Background & Motivation

Background

Background: Text-to-video (T2V) generation has made tremendous progress; models like Sora and Kling 1.5 can generate complex scenes. However, Human-Object Interaction (HOI), a fundamental component of the physical world, remains a major pain point for current T2V models—even models with over 10B parameters struggle to accurately generate simple HOI videos (e.g., "loading a suitcase onto a bus").
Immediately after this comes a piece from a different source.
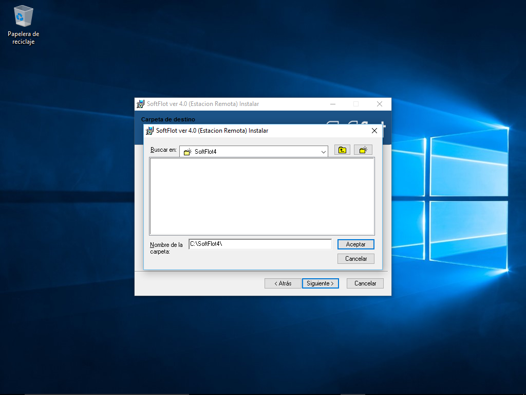 En ésta ventana emergente, cambiaremos la ruta predefinida por la siguiente "C:\SoftFlot4\", y damos clic en Aceptar.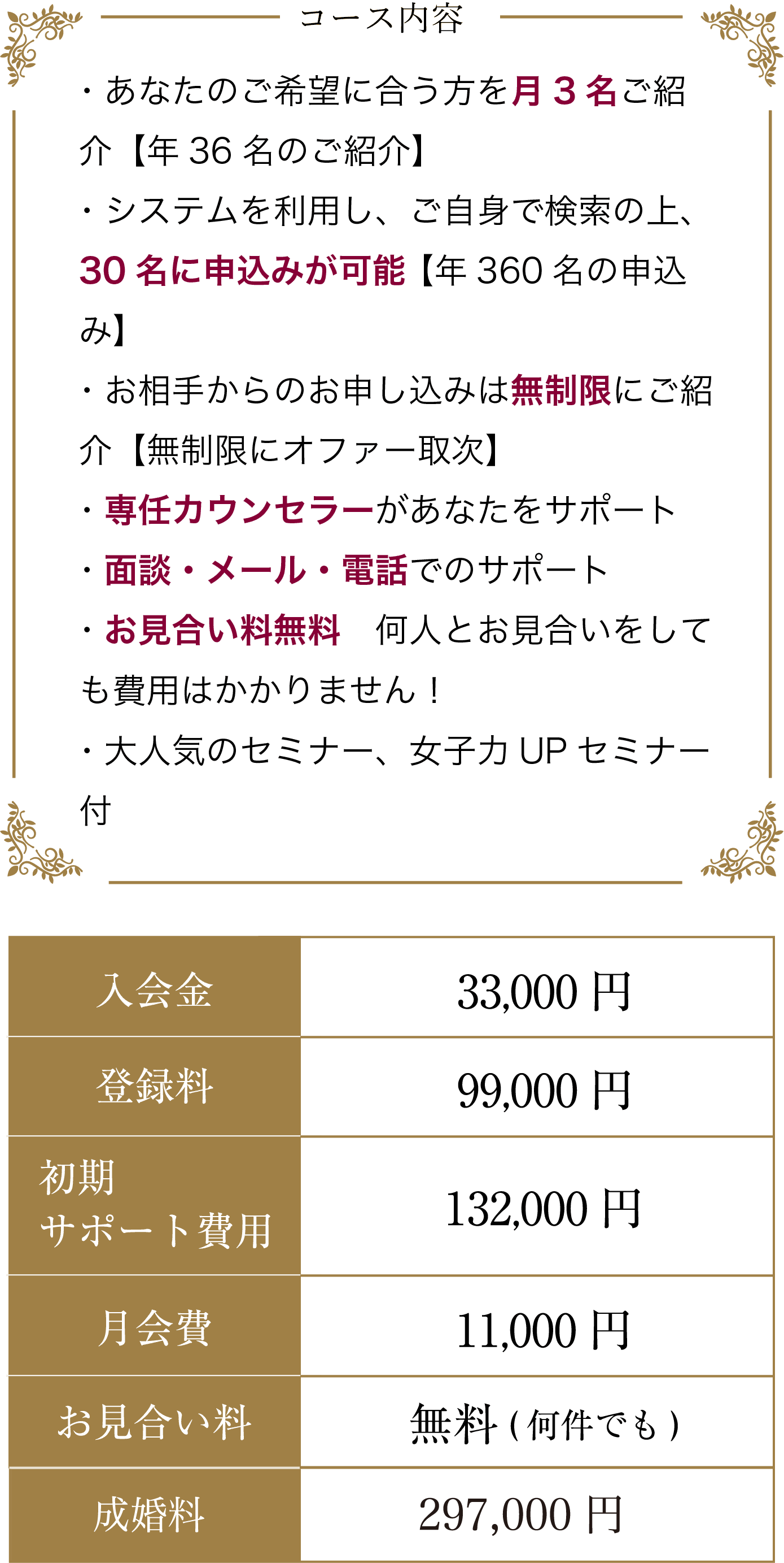 - ・あなたのご希望に合う方を月3名ご紹介【年36名のご紹介】

Limitations of Prior Work: (1) Lack of large-scale HOI video data—WebVid-10M contains low-quality watermarked videos, and Panda-70M has a large amount of static/blurry videos, most of which do not contain HOI; (2) Existing HOI-aware datasets (such as CAD-120, BEHAVE, etc.) are too small in scale (ranging from thousands to tens of thousands), far below the million-scale required for training T2V models; (3) Existing captioning methods are either too brief (12-13 words) or not specifically designed for HOI, losing interaction details; (4) There is a lack of dedicated metrics to evaluate the quality of HOI video generation.

Key Challenge: The performance of T2V models in HOI scenarios is far inferior to that in general scenarios. The root cause is the lack of large-scale, high-quality, and precisely described HOI videos in the training data.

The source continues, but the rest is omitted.